## A Conversation for Basic Methods of Mathematical Proof

### proof OF induction

dancingbuddha Started conversation Sep 15, 2003

does anyone have a clue why proof by induction works? look at the way it goes:

1. the property is true of the smallest integer to which it is applicable (the basis)

2. assume that it works for all integers in [basis,n)

3. from 2, prove that it works for n

4. therefore it works for all n

the bug here is, the proof of the property n is supposed to show that it works for all n, ASSUMING it works for all integers till n-1. how does the proof actually show that the assumption is justified? in other words, the proof-by-induction procedure is supposed to assume something, and then declare that the proof of the property means that the assumption is valid!!

something's circular here, and i can't put my finger on it. i am guessing that the proof by induction process is dependent on some property of the integers: some form of closure, perhaps. would it be valid for a property that can be mapped to an uncountably infinite set, say the reals?

### proof OF induction

Cefpret Posted Sep 15, 2003

If a proof by induction has been done (according to your four points), the following chain of logic is made possible:

1. It's true for the basis (1 mostly)

2. From this it follows that it's true for basis+1.

3. From 1.+2. it follows that it's true for basis+2.

etc.

So it's true for all integers>=basis. And that is what was wanted originally.

Or, to answer the core problem that you have directly: The proof is infinitely long, only written in a concise form. The assumption that the theorem is valid till n-1 is needed at a stage when -- by using the steps above -- this is indeed proved already.

### proof OF induction

dancingbuddha Posted Sep 18, 2003

hey, THAT is evident. what is not evident, and what i just figured is that the proof step must involve no transformations that are not applicable to the basis. in other words, the proof step and the basis must be consistent.

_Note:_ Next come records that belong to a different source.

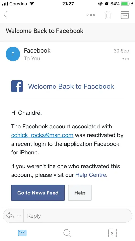 Facebook email: [protected]@yahoo.com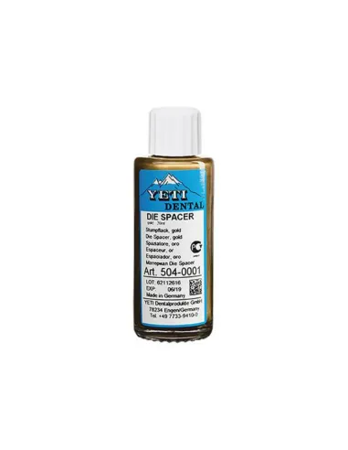 El Barniz espaciador Die Spacer 13 micras de Yeti Dental se presenta en una botella de 20ml, a elegir entre color oro o plata.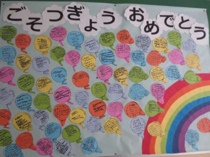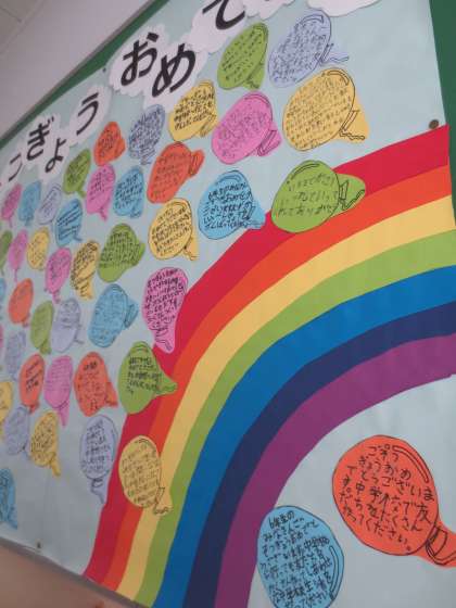 2階の廊下掲示板に2年生のメッセージがはられています。お姉さん、お兄さんへの心温かな言葉が書かれています。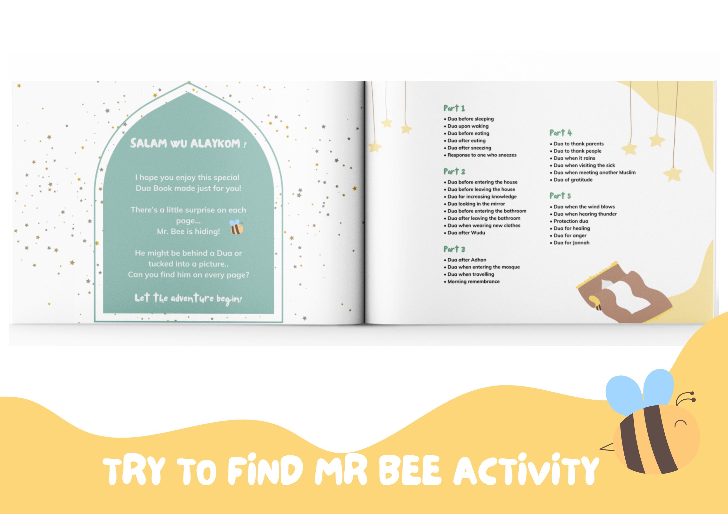 Looking for a fun, educational, and faith-filled activity for your little ones? My Dua Book is a beautiful printable A4 landscape booklet filled with essential daily duas, cute illustrations, and a fun twist – Mr. Bee is hiding on every page! Can your child find him all?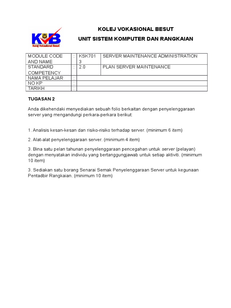 K3 Manage Computer Network Maintenance Struktur Pecahan Kerja Jadual Dan Garis Masa Sepanjang Tempoh Penyelenggaraan Hari Masa 10 00 Isnin Juruteknik Course Hero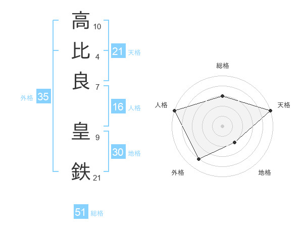 高比良 皇鉄さんを姓名の画数から五運を鑑定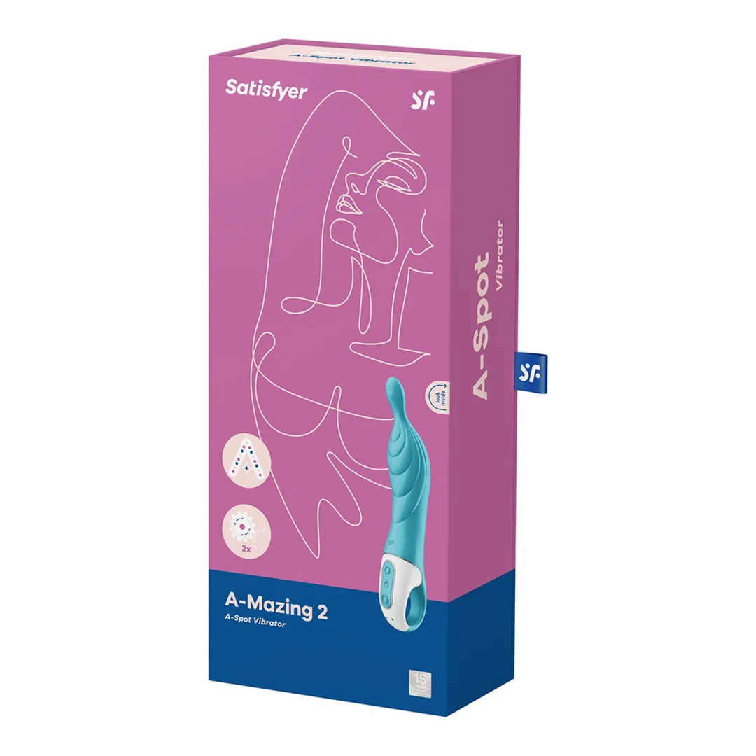 Verbaas jezelf vandaag! De A-Mazing 2 biedt een lange schacht, ideaal voor diepe en onontgonnen A-spot stimulatie. De A-spot bevindt zich ongeveer 2 inch boven de G-spot, langs de voorste vaginale wand. Je zult het vinden wanneer je de A-Mazing vastpakt met behulp van de kenmerkende handgreep van Vibes, voor betere grip en comfortabeler vasthouden. De rechte schacht met gegroefde textuur voegt extra stimulatie toe voor iedereen die dingen op wil fleuren! Met een stijve as, kleine en afgeronde flexibele punt en twee krachtige motoren, verken 12 verschillende vibratieprogramma's via het gemakkelijk te navigeren bedieningspaneel. De A-Mazing 2 is gemaakt van lichaamsveilige siliconen, oplaadbaar en waterdicht (IPX7). Ervaar geestverruimend plezier met de A-Mazing!

as an illustration, consider the famous "proof" that all horses are of the same colour (you can find this in many books, notably Knuth - The Art of Computer Programming, Vol 1.).

### proof OF induction

Cefpret Posted Sep 18, 2003

> the proof step must involve no

> transformations that are not

> applicable to the basis

Yes, but that's obvious, isn't it?

After all, it says "*From* *this* it follows that it's true for basis+1". This is pretty unambiguous.